A day or two later I was on the phone with Wally Hemphill when the front door opened. “That’s great,” I told my lawyer. “So I’ll see you then. Listen, I’ve got to go now, I’ve got a customer.”

It was Borden Stoppelgard.

“I got your message,” he said, “and I’d have to say you’ve got your nerve, asking me to stop by. That was some little show you put on the other night. By the time we got out of there, my marriage was hanging by a thread.”

“I’m sorry about that.”

“Well, it’s all right now. Things blow over, you know? She’s a lot calmer the past couple of days. Now what’s this item you got that I might be interested in? Early Sue Grafton? Marcia Muller? What?”

I took an acetate-wrapped card from my breast pocket and laid it on the counter.

“You know,” he said, “when you talked about finding the Chalmers Mustard card in that schmuck Santangelo’s apartment, I wanted to ask whatever became of it, whether you or Wendy wound up with it. But it didn’t seem like the right time or place.”

“Probably not.”

“So you want to sell it? ‘A Stand-up Triple!’—right? That’s one of the later ones, so it’s worth a few bucks. What do you want for it?”

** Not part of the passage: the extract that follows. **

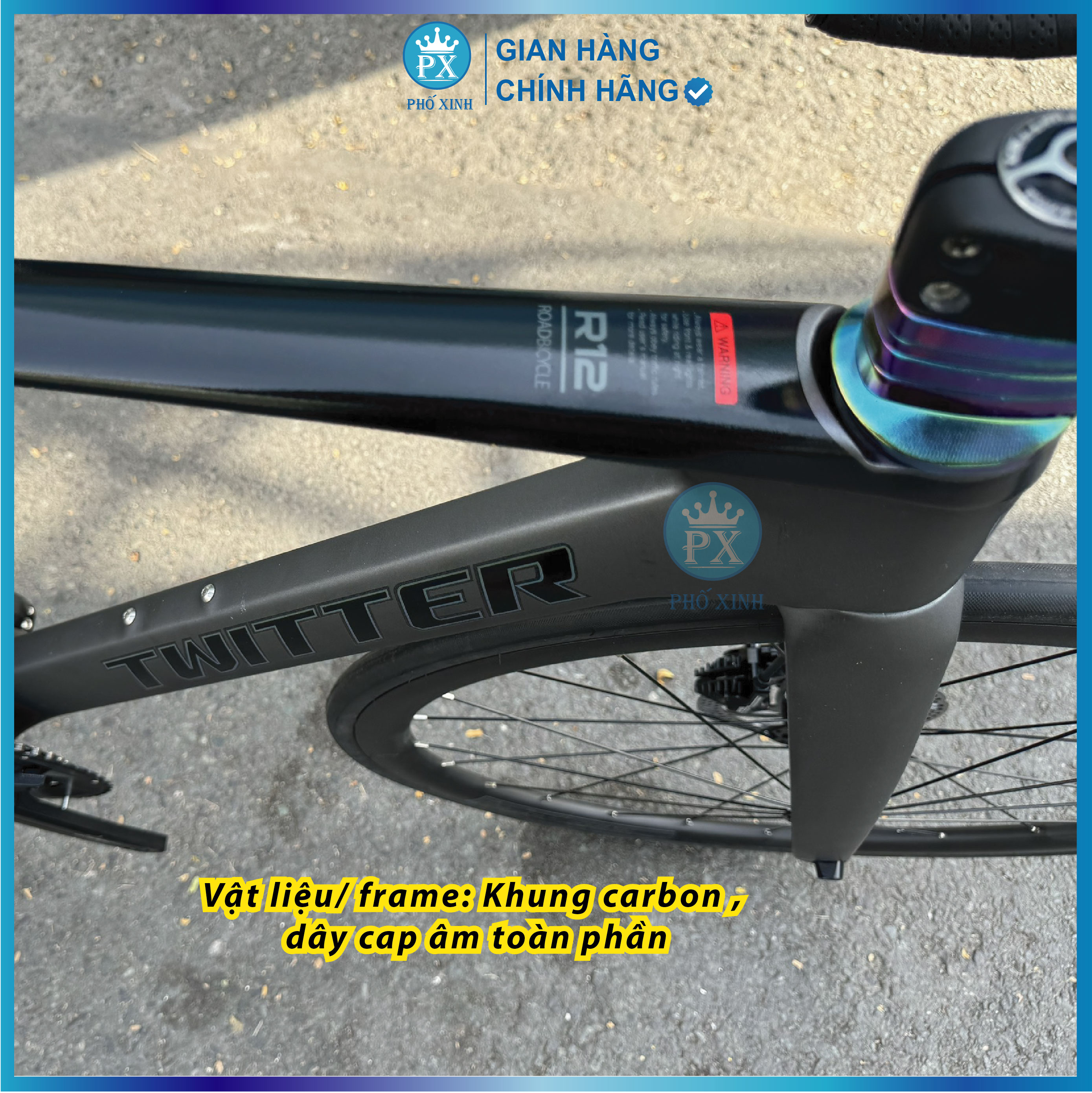 Mua tại TiktokXE ĐẠP ĐUA TWITTER R12 PRO RS24 2024 Twitter R12 RS24 là chiếc cao cấp cực HOT tới từ thương hiệu xe đạp thể thao nổi tiếng (thương hiệu Germany) . Xe sử dụng bộ group Retrospec 2x12 Speeds trên những dòng xe đua cao cấp, khung sườn carbon siêu nhẹ và bên bỉ cùng những điểm nâng cấp khác biệt so với những thiết kế trước đây, Twitter R12 RS24 trở thành mẫu xe được săn đón hàng đầu của dòng xe Twitter Carbon THÔNG SỐ KỸ THUẬT KHUNG

“Take a closer look, Mr. Stoppelgard.”

“Jesus Christ,” he said. “ ‘That Home Run Swing.’ Card #40. This is the key card of the whole set. Where the hell did you get this?” Even as I was plucking the card from his fingers, light dawned. “I’ll be a son of a bitch,” he said. “You got Marty’s cards!”

“It looks that way,” I admitted. “So now all you have to do is draw up that lease we talked about, the one that gives me a thirty-year extension at the current rent.”

“Shit.”

“What’s the matter?”

“Oh, hell. This is embarrassing, all right? I sold the building.”

“What?”

“When you’re in the real estate game,” he said, “you don’t marry buildings, you just buy and sell them. Anything’s on the block if the price is right. A few days ago I got an offer that was too good to turn down. So I took it.”

“But—”

“You should be getting a notice in the mail, where to send the check every month and like that. Your new landlord’s something called Poulson Realty. They’ll be in touch.”

“I hope they like baseball cards.”

“Maybe they won’t even notice the lease is ready to expire,” he said, which didn’t strike me as very likely. “Or maybe they’ll give you a break in order to keep the space rented to somebody reliable. Of course, the way they came to me and sought out the building, my guess is they want the space for their own purposes. But you’re a resourceful guy. You can work something out.”